The true beginning of private equity's struggle with public disclosure was marked not by any dispute between a newspaper and a public pension, but by a dispute between a newspaper and a sitting president of the United States.

It all started, really, with the Washington Post's investigations into corruption in the Nixon White House, which led to the Watergate scandal and subsequent rise in cynicism toward public officials. In fact, the Freedom of Information Act was signed into law by Nixon's predecessor, Lyndon Johnson. But following Watergate, the Act was amended in 1974 to make it more powerful and far-reaching. Many states then passed open-record laws of their own.

Fast forward to the present. The public has not lost its cynicism toward public officials, but public institutions now engage in a peculiar activity not seen in 1974 – they invest in private partnerships. These funds will argue that as investors, the public institutions are privy to trade secrets that partners should not reveal. But the open-record laws of yesteryear do not specifically address this new activity. Hence the constant testing, probing and viral mutation that characterises the current so-called FOIA battles.

Take the case of CalPERS, for example. Just as the pension thinks it has resolved one Public Records Act issue, another one pops up.

In October 2000, the California Public Employees' Retirement System began quietly posting quarterly performance data on its private equity partnerships. The simple reason for this move was that the pension had grown tired of sending this list to those who requested it, so CalPERS decided to make it permanently available on its website.

After hearing from enough displeased GPs about the decision, the pension took the IRR numbers back down in 2001. Then it was sued by the San Jose Mercury News to put the list back up. After a drawn out legal battle, the pension acquiesced and in 2003 reposted its spreadsheet of fund-level IRRs.

But alas, the FOIA furies came back in a different form.

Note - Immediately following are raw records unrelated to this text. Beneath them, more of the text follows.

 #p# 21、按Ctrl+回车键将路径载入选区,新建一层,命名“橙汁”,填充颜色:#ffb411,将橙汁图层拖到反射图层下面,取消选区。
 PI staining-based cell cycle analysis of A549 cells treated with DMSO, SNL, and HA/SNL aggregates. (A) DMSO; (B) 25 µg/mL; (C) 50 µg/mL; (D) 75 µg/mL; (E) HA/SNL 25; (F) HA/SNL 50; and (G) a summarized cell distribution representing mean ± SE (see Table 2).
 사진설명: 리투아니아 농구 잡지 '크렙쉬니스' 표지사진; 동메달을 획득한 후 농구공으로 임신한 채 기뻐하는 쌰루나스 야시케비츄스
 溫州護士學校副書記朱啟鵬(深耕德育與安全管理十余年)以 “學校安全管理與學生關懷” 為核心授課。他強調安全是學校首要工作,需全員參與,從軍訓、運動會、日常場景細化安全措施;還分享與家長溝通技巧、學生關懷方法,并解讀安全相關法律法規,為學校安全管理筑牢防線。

In September, CalPERS was sued by a separate group, the California First Amendment Coalition (CFAC), and for a new type of data – management fees paid to its underlying partnerships. After conferring with legal counsel, CalPERS struck a balance similar to that found in its performance disclosure solution. In October, the pension provided to the CFAC a list of dollar amounts charged to CalPERS by its various general partners, according to a communication the pension's alternative investment staff sent to all its partners. But the more sensitive information – management fee terms – was not revealed.

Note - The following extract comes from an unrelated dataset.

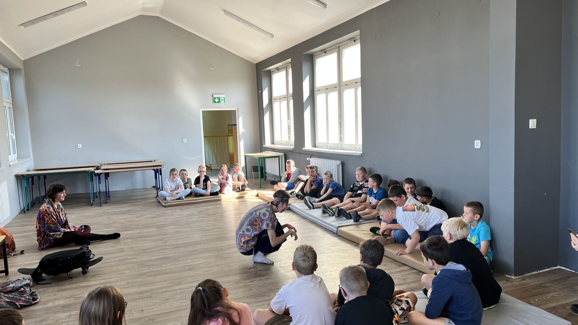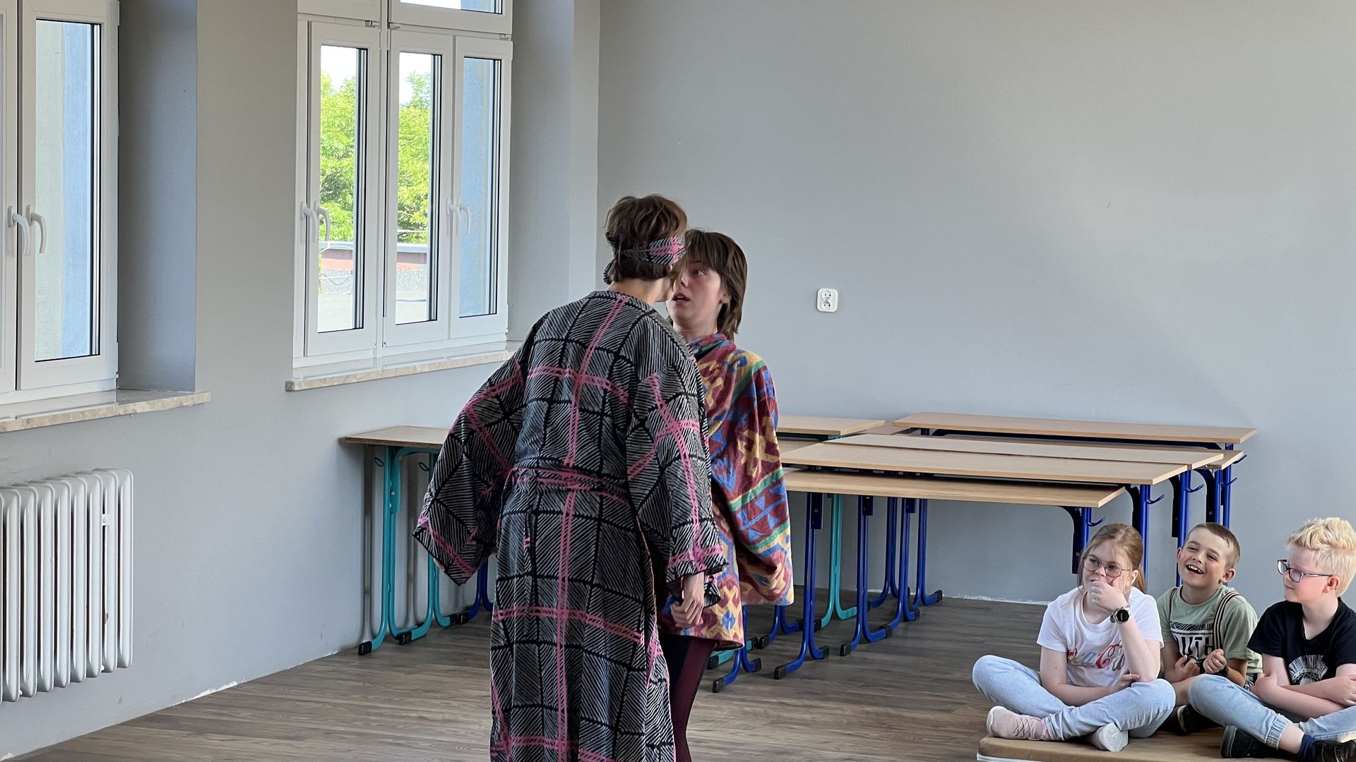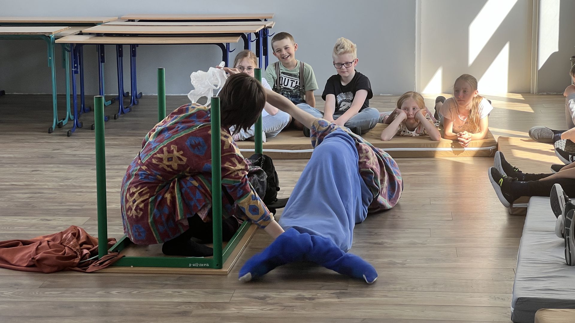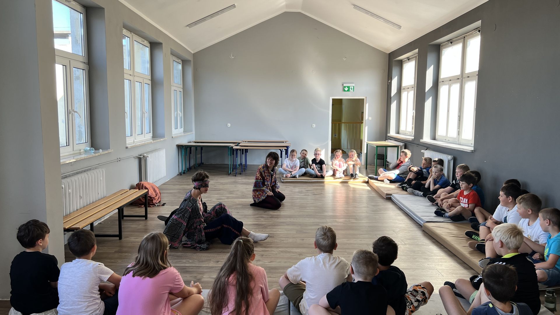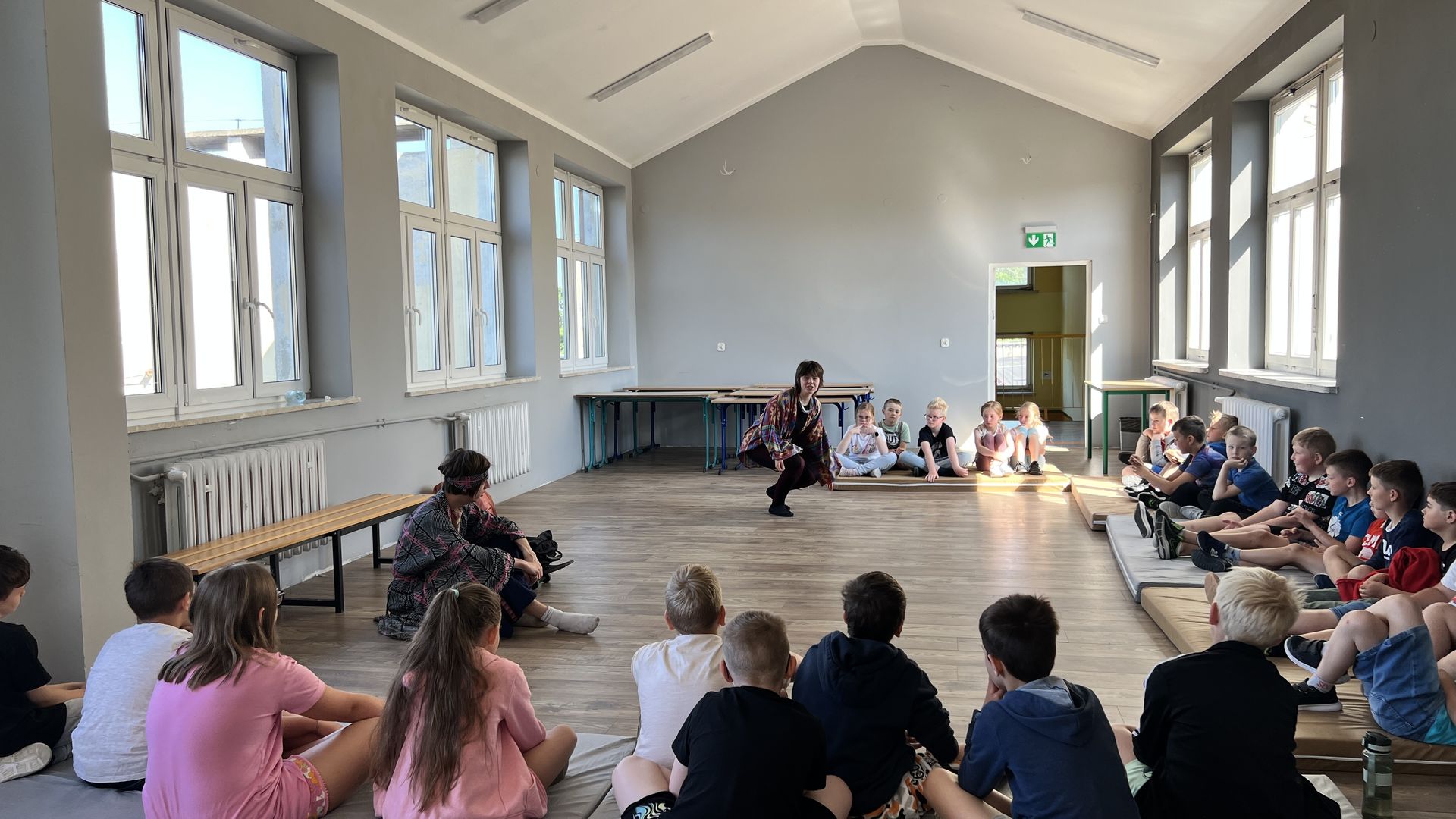 12 czerwca gościła w naszej szkole Fundacja Banina ze sztuką „Klimat” w reżyserii Bartka Miernika. Temat przedstawienia wpisał się do szkolnych działań sprzyjających wdrażaniu do świadomego i odpowiedzialnego gospodarowania na planecie Ziemi - domu wszystkich stworzeń, dużych i małych. Bohaterowie, Matylda i Dawid, w postacie których wcielili się Alicja Stankiewicz i Denis Jakubowski, otworzyli przed publicznością wrota wyobraźni, by w tej podróży doświadczyć problemów zagrożonego świata przyrody i nauczyć się pokonywać trudności, wspomagać, aktywnie podejmować nawet małe zadania w ważnej sprawie.

Mutation. The CFAC then hit the pension with another request, this time for the dollar amounts of the carry that CalPERS general partners had paid themselves. The pension responded that this information was exempt from the Public Records Act, and anyway it didn't keep specific information in this regard.

Transmogrification. The CFAC came back with yet another request – it now wanted dollar amounts of gain received annually by CalPERS from all of its private equity and hedge funds.

A notice sent last month to CalPERS' general partners informed them that the pension will now make publicly available a spreadsheet with the dollar amounts of profit attributable to each fund. The CFAC will get the first of these on December 6. Again, CalPERS will withhold partnership terms, carried interest information and specific portfolio company information.

Where clear laws do not exist regarding what can and can't be disclosed, expect more of the same both at CalPERS, across the US and beyond. FOIA battles now involve new data requestors such as labour unions, expanded types of information requested, such as management fees and – in Texas – portfolio company data. The debate looks set to move to the UK and Europe (see p. 51), where data-seekers may find sensitive private equity information in new and unusual ways.

If you're looking for someone to blame for all this, you could start with Richard Nixon.